A sob gets caught in her throat, and she covers her face with both hands, but when she pulls them back down, her stare is stronger than I’ve seen it in maybe forever. “I let you down so many times, but I won’t anymore, Spencer. I promise.”
“Everything is going to be okay.” I offer her a smile because I don’t know what else to do. These conversations have never been my specialty, but I know we need to talk about several things. “Crossroads can be the place you start over. I’m not holding on to the past, and you shouldn’t either. It’s time for us to move forward with our lives. We deserve that. So does Peter.”
She nods, squeezing my fingers between her shaking hands. “I think you might be right.”
“I’m leaving today, and I might be gone for a day or two,” I tell her. “Kasha will take care of you here, but if you need anything, there is plenty for you to trade with in my shed. Take whatever you need.”
I can’t tell her that there’s a chance I won’t be back. She’s fragile, and I won’t put those thoughts on her when I don’t even want them myself. But there is something else I need to know before I go.
Looking away because I’m not sure I want to see her reaction, I finally ask, “Did you know an angel came to you when you were pregnant with me?”

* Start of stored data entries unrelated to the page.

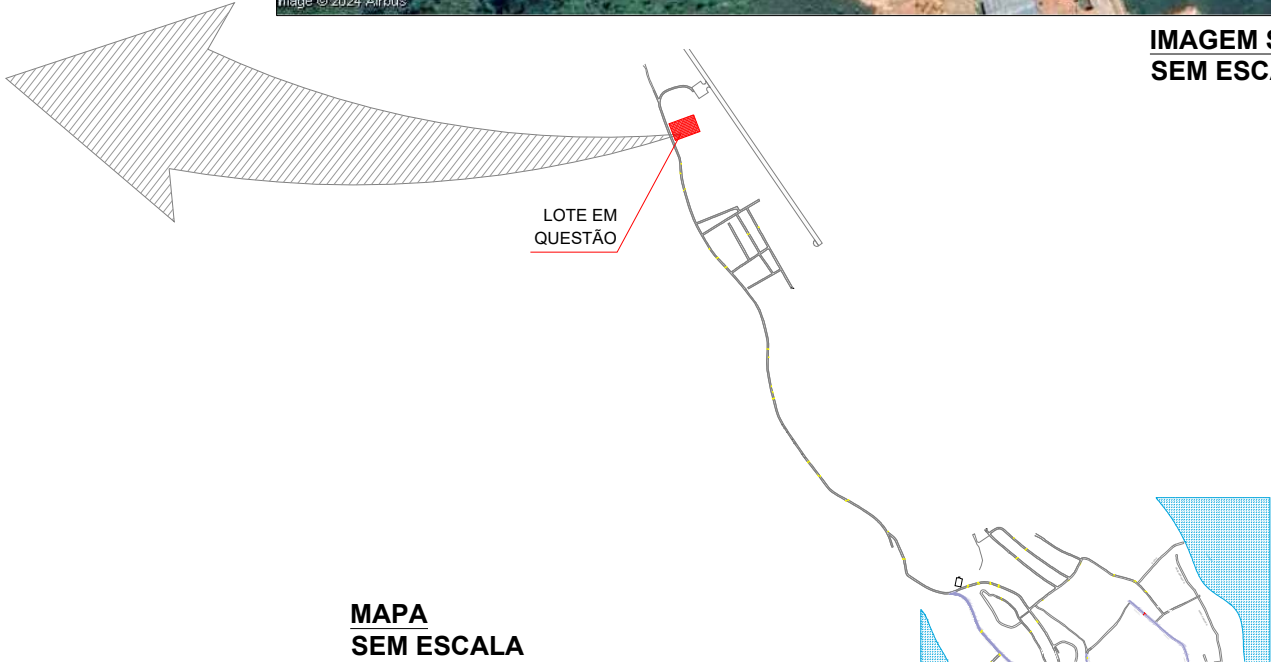
MAPA SEM ESCALA

PROJETO ESTRUTURAÇÃO DA REDE DE SERVIÇOS DO SISTEMA ÚNICO DE ASSISTÊNCIA SOCIAL - SUAS - CONSTRUÇÃO DE CENTRO DE REFERÊNCIA ESPECIALIZADO DE ASSISTÊNCIA SOCIAL - CREAS
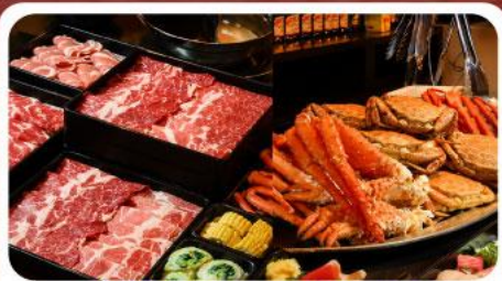
บุฟเฟ่ต์ชาบู ยาปู 3 ชนิด
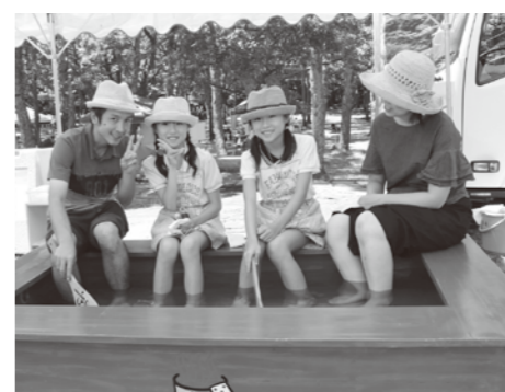
自然の中にある足湯も最高！

8月11日、くじゅうフェス2016が飯田高原の長者原園地で開催されました。今年から新たに祝日となった「山の日」を記念してのイベントで、4コースから選べる山歩き、自然に関する展示・体験、地元の食材を使ったスイーツ等のマーケットブースが多数出店し、夏休みの思い出づくりになりました。
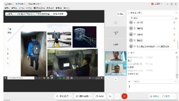
說明：「讓文資在地圖裡說話：文化資產的地理調查與資訊分析」演講照片
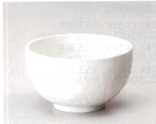
381-13-624 わらく白マット石目5.0井 950円 15.5×7.7cm 39703621
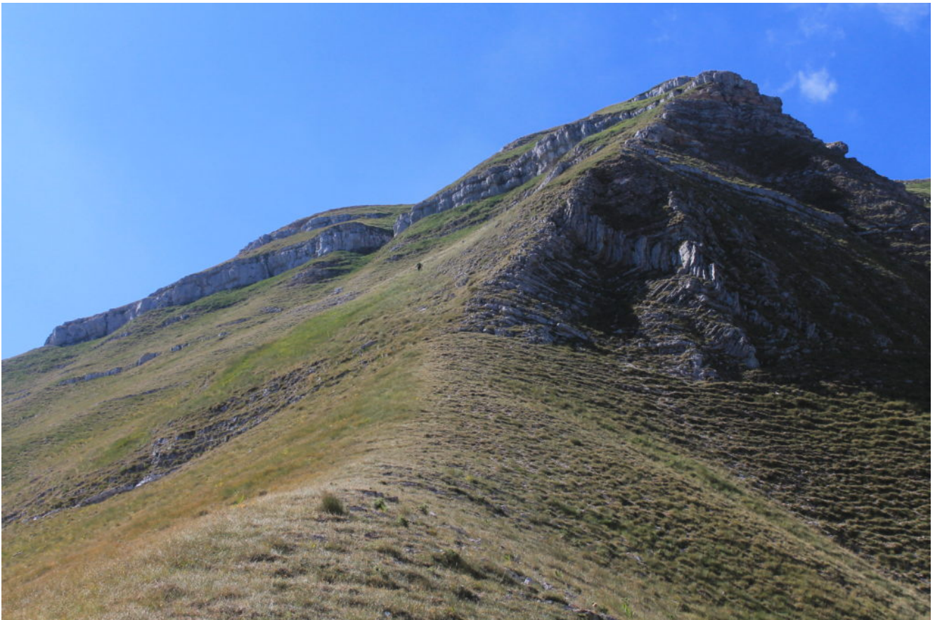
16- Arrivati dove il pendio si impenna si traversa verso la "corona" del M. Sibilla nell'unico tratto superabile senza
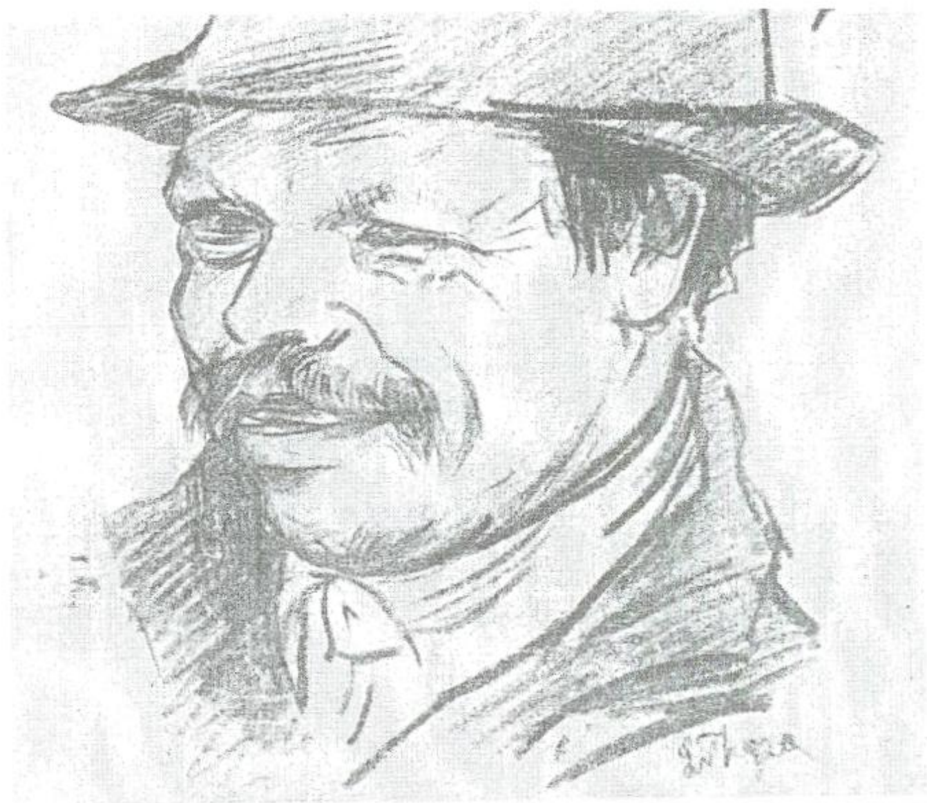
13. Michalko z Kotešovej, kresba kriedou, 1920
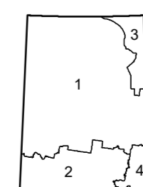
СХЕМА ПОЛИТИКО-АДМИНИСТРАТИВНОГО ДЕЛЕНИЯ
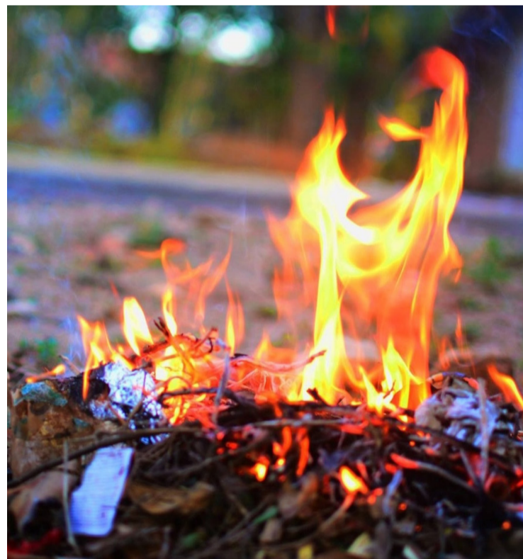
Valor da multa para quem colocar fogo nos lotes varia de R$ 144,92 a R$ 1.449,20

A primeira fase do programa de 2024 começou com um curso intensivo para os servidores operacionais da Amma, realizado no auditório da sede da agência. Os instrutores do Corpo de Bombeiros, juntamente com a equipe de Segurança do Trabalho, forneceram treinamento especializado em técnicas de combate a incêndios, incluindo o manejo seguro de extintores e estratégias de autoproteção.
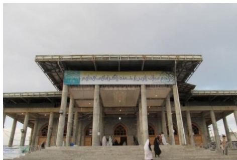
شکل 3- بخش الحاقی به بقعه‌ی خواهر امام

ساغریسازان که بخشی از محله زاهدان است، محل سکونت اشخاص متمول شهر بوده و به‌زعم بسیاری از پژوهشگران تاریخ، این محله به دلیل تجمع سکونتی خانوارهای سرشناس، دارای اعتبار زیادی در کل بافت شهر بوده است. چنانکه در کل، درباره بافت شهری رشت بیان می‌شود "محلات رشت به سبب کیفیت احوال شخصیه‌ی ساکنانش اعتبار داشت. مثل محله‌ی ساغریسازان که جمعی از خانواده‌های ریشه‌دار و متعین در آن سکنی داشتند" [5]. این محله دارای 6 بنای مذهبی مهم با حوزه‌ی عملکردی ناحیه‌ای و شهری است.
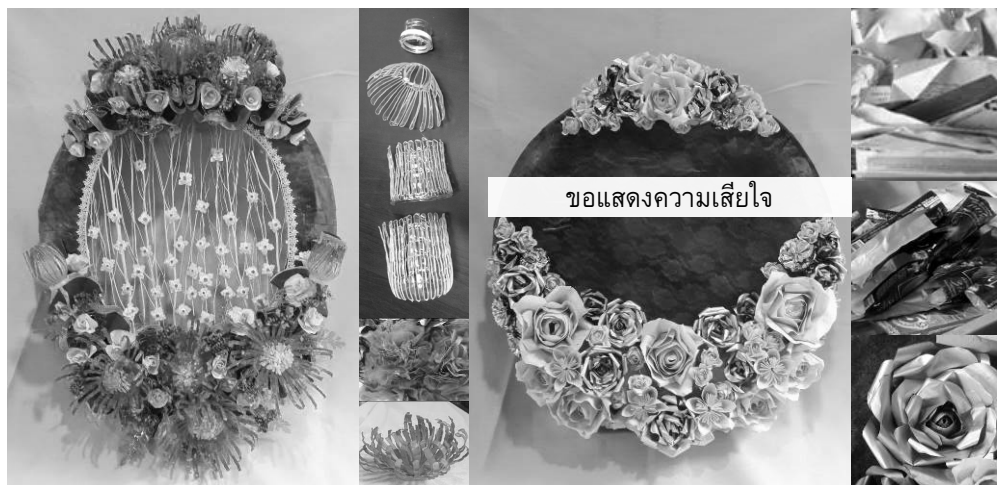
ภาพที่ 14 พวงหรีดจากวัสดุเหลือใช้เมื่อวันที่ 28 มิถุนายน 2559

แนวทางที่สอง การนำวัสดุใช้แล้วมาตกแต่งพวงหรีดเพื่อสร้างมูลค่าเพิ่มแก่ผลิตภัณฑ์เชิงสร้างสรรค์ของชุมชน และเพื่ออนุรักษ์สิ่งแวดล้อม พวงหรีดตามแนวทางนี้จะนำเศษวัสดุที่ผ่านการใช้งานแล้วมาดัดแปลง (Reuse และ Recycle) ให้เป็นดอกไม้ไม้ใบไม้แล้วนำมาตกแต่งพวงหรีด เศษวัสดุเหล่านั้น เช่น กระดาษหนังสือพิมพ์ ถุงขนม ซองกาแฟ ขวดพลาสติก ฯลฯ การตกแต่งพวงหรีดด้วยวัสดุเหลือใช้จะช่วยลดขยะและของเสียจากการดำเนินกิจกรรมในชีวิตประจำวันและในงานพิธีกรรมต่างๆ ซึ่งนับวันจะมีปริมาณเพิ่มขึ้น นอกจากนี้ยังเป็นหนทางหนึ่งในการสร้างรายได้แก่ชุมชนด้วย
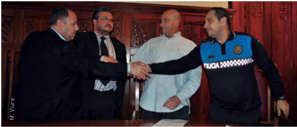
El Consistori atén les demandes del cos policial
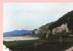
左：時期不明 上：AIによりカラー化した画像 ※AIで再現された色は正確ではありません

きみまち阪やニツ井町の昔の写真をお持ちの方はご連絡ください！カラー、モノクロ、ネガフィルムなんでも結構です。一度お預かりし、スキャンしてお返しいたします。
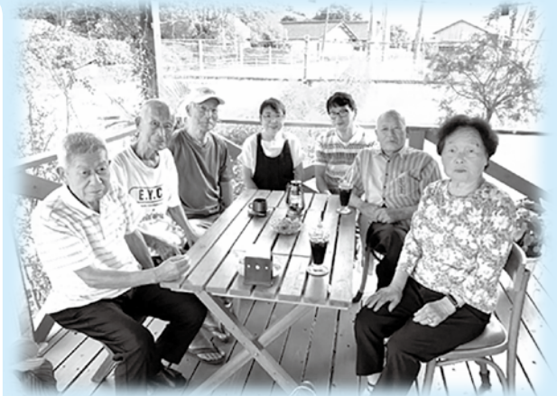
↑しゃべる会メンバーとお店の方

コーヒーを飲みながら、話をしている人達がいるという情報を聞いて、能美町鹿川にある喫茶店「セレーノ」に行ってみることに！行ってみると、5人でコーヒーを飲みながら、話をされました。詳しく話を聞いてみると、セレーノができた時からの常連さん！このメンバーはカラオケ教室の仲間で、毎日会って話をしており、お店が休みの時は、棧橋近くのコンビニに集まって話をしているということでした。お仲間の方に話を聞くと「仲間に会って話ができることは、とても楽しい！」や「元気の秘訣は、外に出て話をすること！」と言われていました。外に出て人と話をすることは、フレイル予防にもつながります。このような「気軽に集まれる場」があるのはいいですね！
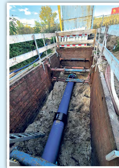
Zwischen den Schachtbauwerken wurde eine neue Rohrleitung eingesetzt.

Humeleitung. „Dagegen ist die Rohrauswechslung der 12 m DN 500 zwischen den Schachtbauwerken bzw. Knoten schon Routine.“ Zwar verlängerte sich die Bauzeit ein wenig wegen der Sonderanfertigungen der Formteile und der etappenweisen Inbetriebnahme der Teilstücke in den Schächten nach mikrobiologischer Freigabe durch die Probenahme. „Aber es lief alles ohne Komplikationen ab.“ Die Gesamtkosten für die Baumaßnahme belaufen sich auf ca. 200.000 € Brutto. „Die Versorgung unserer Kunden war zu keiner Zeit gefährdet und konnte immer gewährleistet werden. Durch die Baumaßnahme wurde die Versorgungssicherheit im Verbandsgebiet weiter erhöht.“
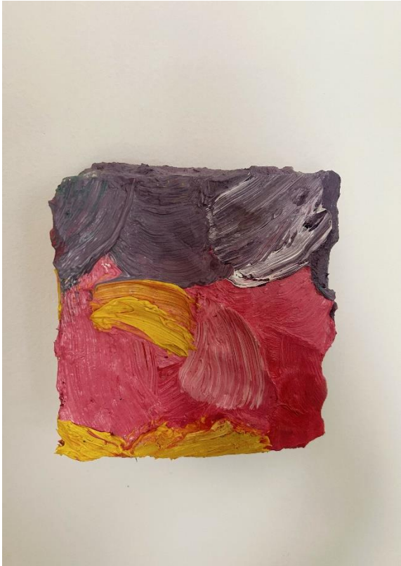
Slika 4. Bez naziva , izvor: autorica, 2024.g.
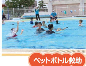
ペットボトル救助
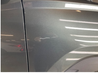
Çamurluk, sağ, Çamurluk, sağ > Çizik
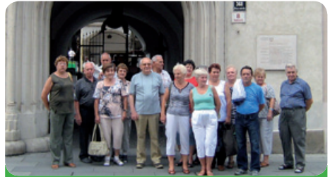
Výlet diabetiků do podzemí
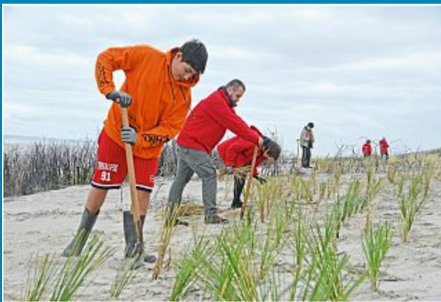
Gruppe der Bethel-Stiftung pflanzt Strandhafer.

She gasps and jerks back. “What?”
At least her shock is genuine.
“I learned yesterday that I was angel-touched,” I tell her, finally meeting her wide stare. “It’s why my wolf is the way it is.”
More tears fill her eyes, and she starts to laugh softly. “How could I have not seen that all these years? Of course you’re angel-touched.” Her hand covers her mouth, and then she freezes. “Oh.”
“Oh? Oh what?” I ask, desperate for any information she can give me.
Her body relaxes, and she falls back onto the couch. “There was a woman. She found me crying in town one day. I don’t even remember what I was out getting, but it was the morning after the first time Samuel hit me. I broke a glass and… Anyway, she hugged me and, at the time, I thought my desperation for love was just getting the better of me, but now, I understand. Her touch not only healed my physical wounds that day, but made sure my baby would have the ability to survive the hell we lived in.”
Mom’s grief is outshined by the memory and, at least for the moment, she’s not hurting.
“Thank you for sharing that with me,” I say sincerely. I hate to leave her now, but time isn’t on our side. We need to find Kel before she gets any stronger or decides to come here. “I’m going to say goodbye to Peter, and then I need to leave, but I’ll be back as soon as I can be.”
She sits back up and hugs me with more strength than I’ve felt from my mother in far too long. “I love you, Spencer. You’re going to be okay.”
It’s not the first time she’s said that, and I hope like hell she’s right, because it feels as if I’ve only just started living. I’m nowhere near ready to be done.